Archive for February 28th, 2014
by lizard
Is the normalizing of the surveillance state complimented by First Look Media?
It used to be anyone who thought “they” can watch you through webcams were considered unhinged. Well…
Britain’s surveillance agency GCHQ, with aid from the US National Security Agency, intercepted and stored the webcam images of millions of internet users not suspected of wrongdoing, secret documents reveal.
GCHQ files dating between 2008 and 2010 explicitly state that a surveillance program codenamed Optic Nerve collected still images of Yahoo webcam chats in bulk and saved them to agency databases, regardless of whether individual users were an intelligence target or not.
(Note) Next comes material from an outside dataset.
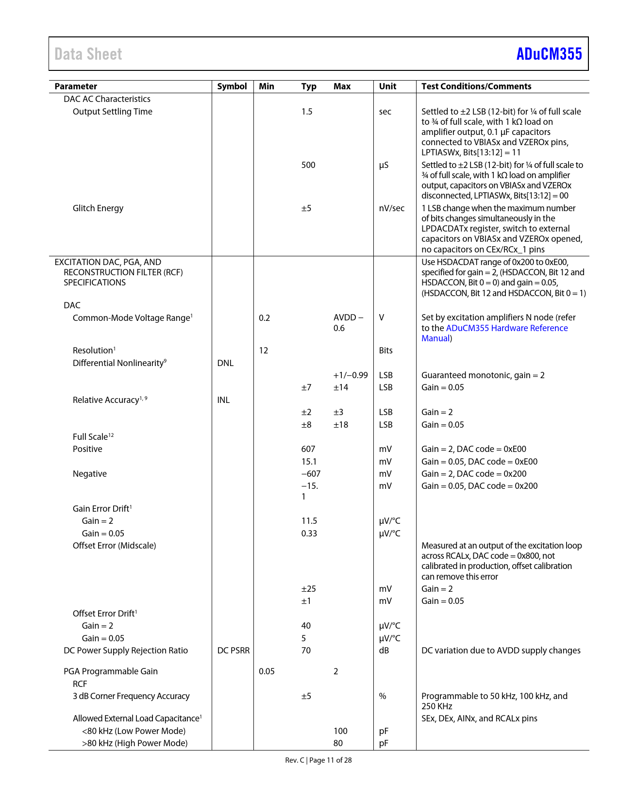 Pages / Page28 / 11 — Data Sheet. ADuCM355. Parameter Symbol. Min. Typ. Max. Unit. Test. …

In one six-month period in 2008 alone, the agency collected webcam imagery – including substantial quantities of sexually explicit communications – from more than 1.8 million Yahoo user accounts globally.
Glenn Greenwald also has a very important article (drip) at The//Intercept about How Covert Agents Infiltrate the Internet to Manipulate, Deceive, and Destroy Reputations. I haven’t really dug in yet, but just from skimming the documents the depth of strategic deception appears astonishing.
While I appreciate the information, I remain suspicious of the source and the ultimate intention of these disclosures because it smacks of boiling frogs.
Not a popular position, I know, but watching the lackluster reaction I can’t help but wonder.